Question

Equivalent weight of $N{H}_3$ in the change $N_2\to N{H}_3$is:
A. ${\displaystyle \frac{17}{6}}$
B. 17
C. ${\displaystyle \frac{17}{2}}$
D. ${\displaystyle \frac{17}{3}}$

Answer 1

Hint: The equivalent weight is calculated by dividing the molecular weight of the compound by the valency factor. The charge of nitrogen in dinitrogen is zero as it is a divalent molecule and the charge of each nitrogen cancels out each other.

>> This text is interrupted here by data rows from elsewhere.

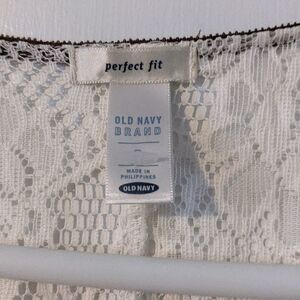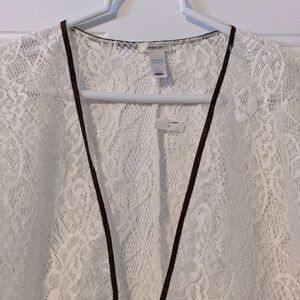 This lace cardigan is the perfect cream color with brown accent. The brown accent is down the front of the v-neck and then at the tie at the waist. The waist does have a cinch at the waist.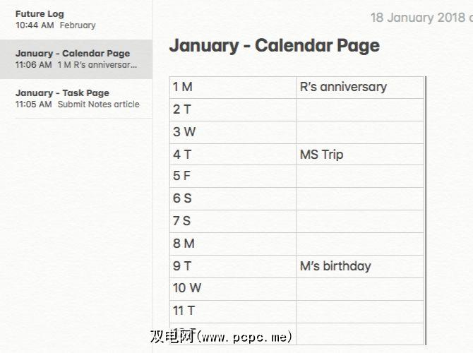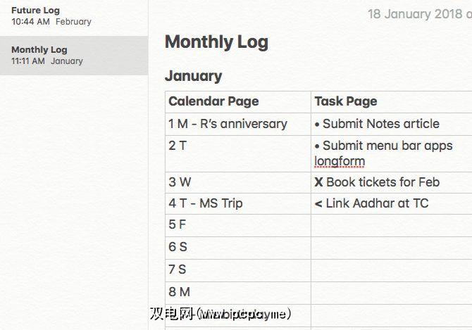 在“每月日志"列表中,安排原本会在“项目符号日志"的“日历"页面上进行的任务和事件。坚持日历日期的常用格式(即1M,2T,3W等)。对于“任务"页面上的条目,请创建提醒而不添加截止日期。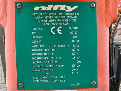 2014 Niftylift Nifty 120 TAC Remorcă cu platformă de lucru aeriană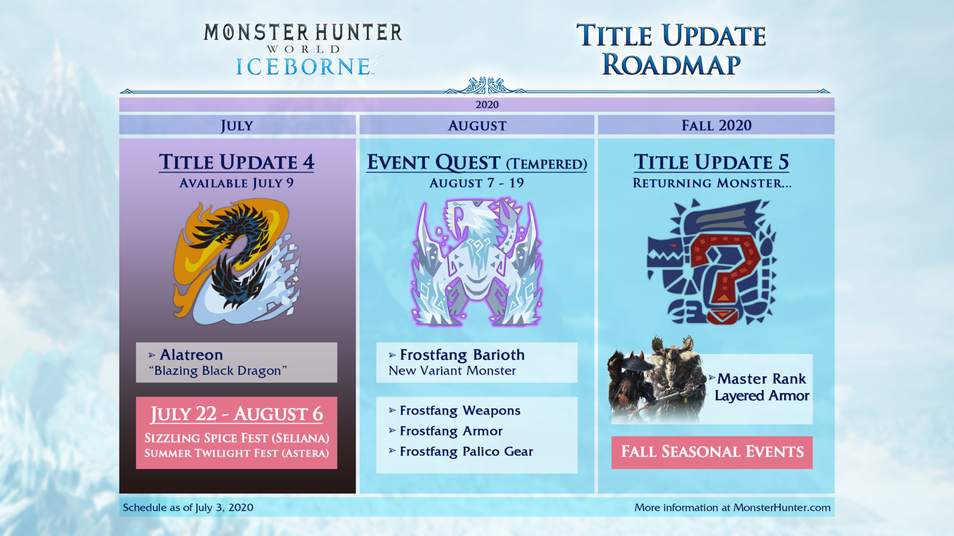 The Monster Hunter World: Iceborne Title Update 4 will be available for free starting July 8, 2020 at 5:00 pm PDT. That’s July 9, 2020 at 00:00 UTC and 1:00 am BST. The Title Update #5 will launch in Fall 2020. It will feature another returning monster with new Master Rank Layered Armor, and more. Monster Hunter World: Iceborne is available for the PlayStation 4, Xbox One, and PC.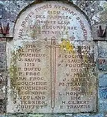 - Prosper Dufeu, né le à Champeaux, caporal au 1er régiment d'infanterie coloniale, mort des suites de ses blessures le à Servon-Melzicourt (Marne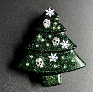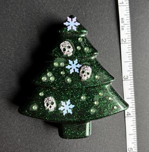 1 savesCelebrate the season with a unique twist by adding this pair of green trees decoration featuring skulls, perfect for both holiday and Halloween vibes. These small, sparkly accents bring a touch of goth charm and witchy allure to your festive decor. Handcrafted with care, they blend traditional holiday spirit with a playful edge that stands out in any setting.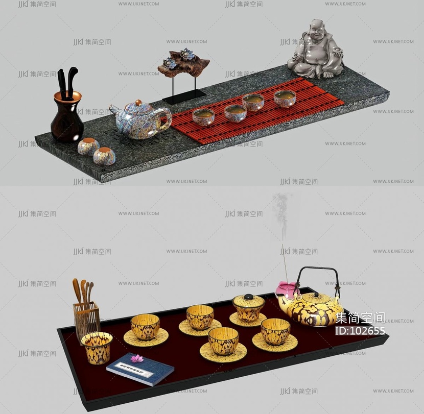 金油滴,幻彩建盏茶具茶盘组合 3d模型下载 [模型ID:102655]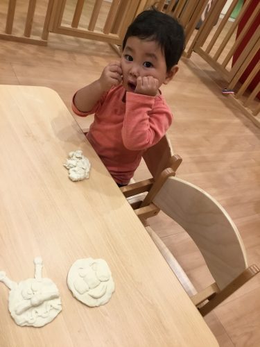 お指でツンツンしたり「まるまる~♪」と言いながらお団子やおにぎりも作ってみたりと保育士も一緒に楽しみ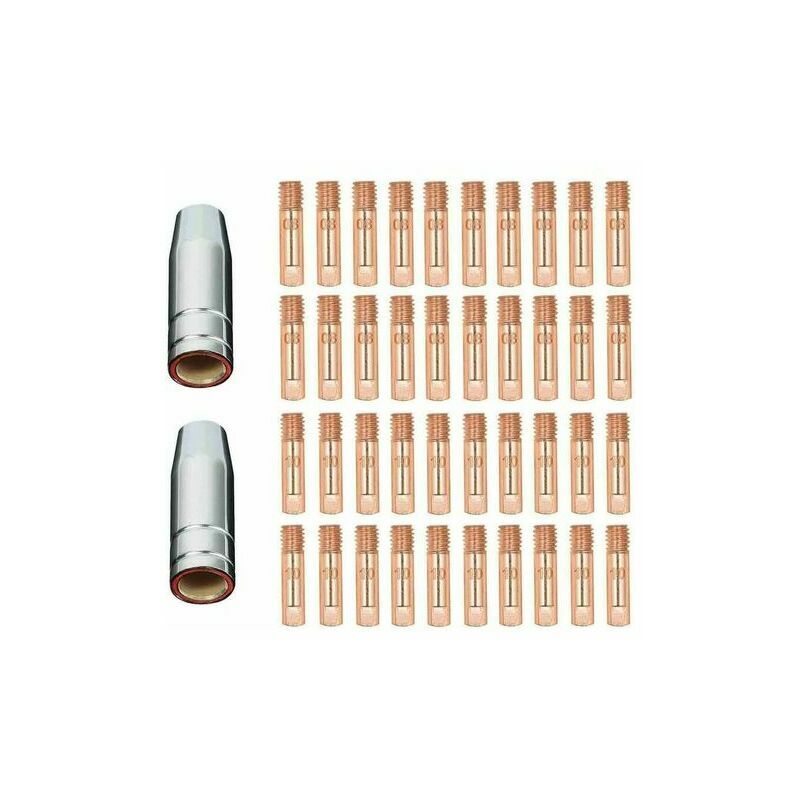 42 accessori per saldatura da utilizzare con la torcia per saldatura MIG MAG AK15/MB15 2 ugelli del gas, 20 punte di contatto da 0,8 mm, 20 punte di contatto da 1,0 mm < br/>Adatto a tutti i dispositivi MIG MAG con torce di saldatura AK15/MB15 di altri produttori Semplice montaggio delle parti soggette ad usura sul bruciatore, non sono necessari attrezzi speciali. Facile, conveniente e veloce Il materiale in rame ha una buona conduttività termica ed elettrica, resistenza alle alte temperature e alla corrosione più stabile, robusto con una lunga durata Numero di pezzi consegnati: 1 set (42 pezzi) Benvenuti

Complete step by step answer:
The equivalent weight is defined as the mass of the substance present in grams which is chemically equivalent to the eight grams of oxygen atom and one gram of hydrogen atom.
The equivalent weight is calculated by dividing the molecular weight by the valency factor.
The formula to calculate the equivalent weight is shown below.
$$E={\displaystyle \frac{M}{V}}$$
Where,
E is the equivalent weight
M is the molecular weight
V is the valency factor
In the given reaction, dinitrogen is converted to ammonia. Dinitrogen is a divalent molecule which contains two nitrogen atoms. There the charge on the nitrogen is zero.
The molecular weight of $N_2$ is 28.014 g/mol.
The equivalent weight of dinitrogen is also 28.014.
The molecular weight of ammonia is 17.031 g/mol.
The charge of nitrogen in ammonia $N{H}_3$is 3 and charge of hydrogen is 1.
To calculate the equivalent weight of nitrogen in ammonia, substitute the values of molecular weight and charge on the above equation.
$$\Rightarrow E={\displaystyle \frac{17.031}{3}}$$
Thus, the equivalent weight of $N{H}_3$ in the change $N_2\to N{H}_3$ is ${\displaystyle \frac{17}{3}}$.
Therefore, the correct option is D.

Note: Make sure that in calculating the equivalent weight of ammonia only charge of ammonia is divided as the charge of nitrogen changes from zero to three.